Так я все по полочкам разложил, а потом взялся читать подряд суждения Николая Сергеевича Атарова и увидел, что он-то делал дважды доброе дело. Помогал пробиться авторам способным и честным, хотя никак еще «не апробированным известностью». Старался преградить путь серости, штампу: «Схема читается раньше самого текста»; «Не может быть резиновым язык, если хочешь, чтобы через него шел ток». Даже трижды доброе, потому что в редакционном самотеке, в рукописях без запятых он выискивал «зрячесть памяти», чтобы и эти вещи довести до печатного станка.

Все, оказывается, зависит от человека, от его порядочности, вкуса, такта. И я в растерянности. По-прежнему мне не понятно, почему Атаров должен оценивать Бека и Борщаговского (или они– Атарова), могли бы встретиться, поговорить по телефону, обменяться письмами. Но когда все, что пишет рецензент, определено его гражданской позицией, когда нет у него предвзятости, а есть «послевзятость», то польза от этого явная.

Литература была делом всей жизни Николая Сергеевича Атарова, всегда его отличали неравнодушие и искренность, общественный темперамент и тяга к учительству, что ощутил я и на своем опыте в «Литературной газете» 50-х годов. Потому и предлагаемая сегодня читателю, скрытая до поры часть работы этого человека естественна для него. Потому и бьется в его заметках, вызывает интерес, не устарела со временем живая мысль, сжатая порой до афоризма.

Короче, это честная работа, и обидно становится, что делалась она для двух-трех редакторов, для узкого круга, а не для широкой печати.

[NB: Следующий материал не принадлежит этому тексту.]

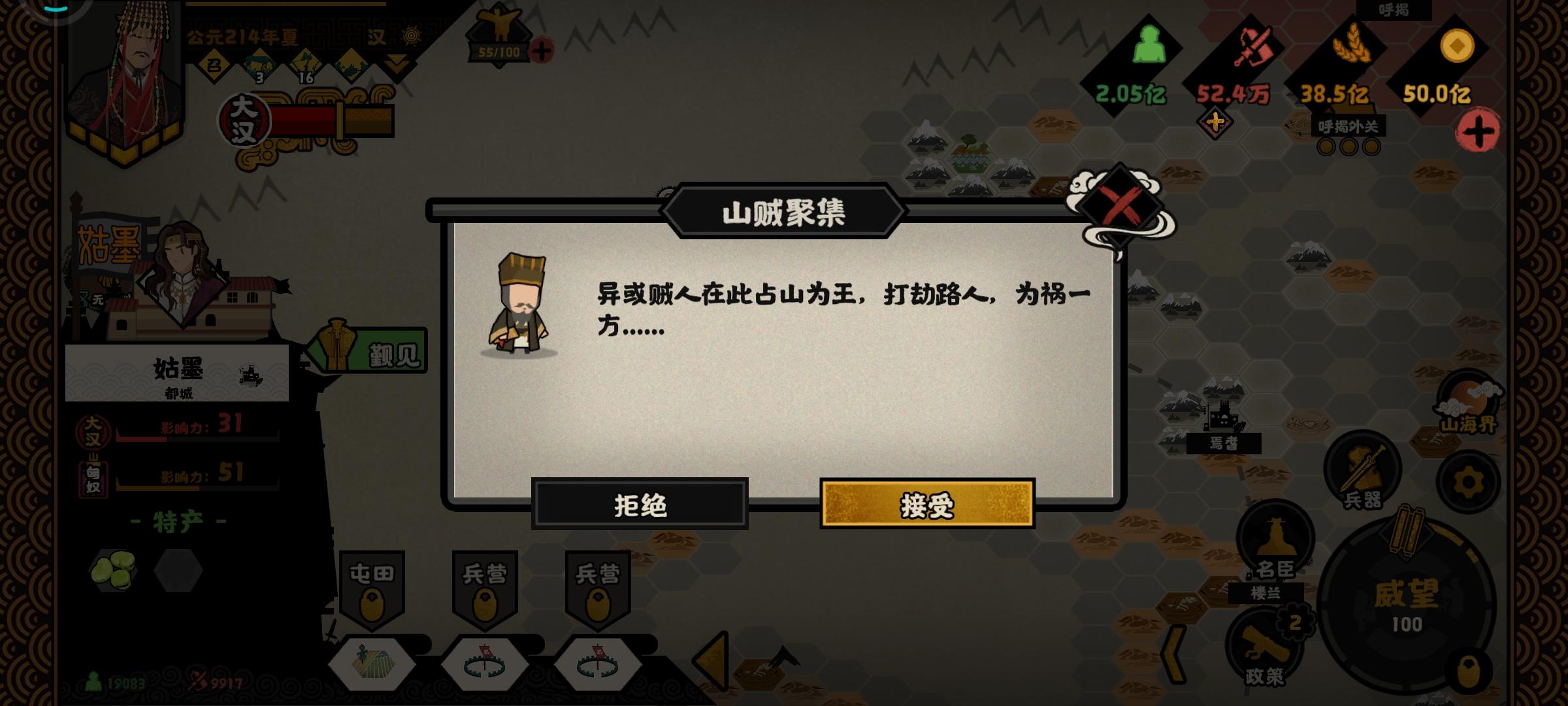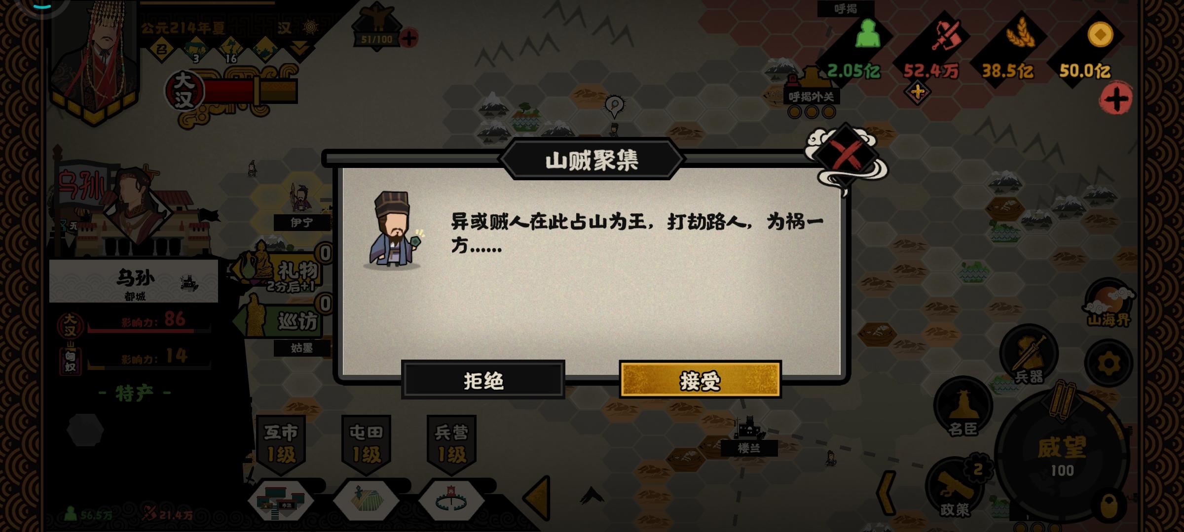大汉剧本,西域有些藏品还没获得,但是每次巡访,结果都是山贼聚集。开始以为是影响力低的原因,可是我看影响力都90或95了,结果仍然这样。哪位大佬知道什么原因吗?另外张骞察举有没有什么隐形条件,成功率太低了。

В сущности, то, что писал Николай Атаров, не рассчитано на безгласие. Его рецензии отмечены чертами «законных» жанров литературы– классического эпистолярного, дневников, публицистики и, наконец, просто рецензий– не внутренних, а внешних, не закрытых, а открытых, что и доказывает нынешняя публикация.

Анатолий АГРАНОВСКИЙ

 

В публикуемой подборке собраны выдержки из внутренних рецензий Н. Атарова на рукописи различных авторов, представленные в издательство «Советский писатель», а также его дневниковые записи, раздумья о литературном труде, вызванные чтением рецензируемых рукописей.

Материалы хранятся в личном архиве Н. Атарова.

Сколько адресатов у внутреннего рецензента! Обращаешься к автору рукописи– разуй глаза! Ведь у тебя же найдено, намечено, обозначено. Надо только развить, прояснить, найти слова, достойные твоего открытия, твоей находки. А может, и еще раз переписать более слабые куски.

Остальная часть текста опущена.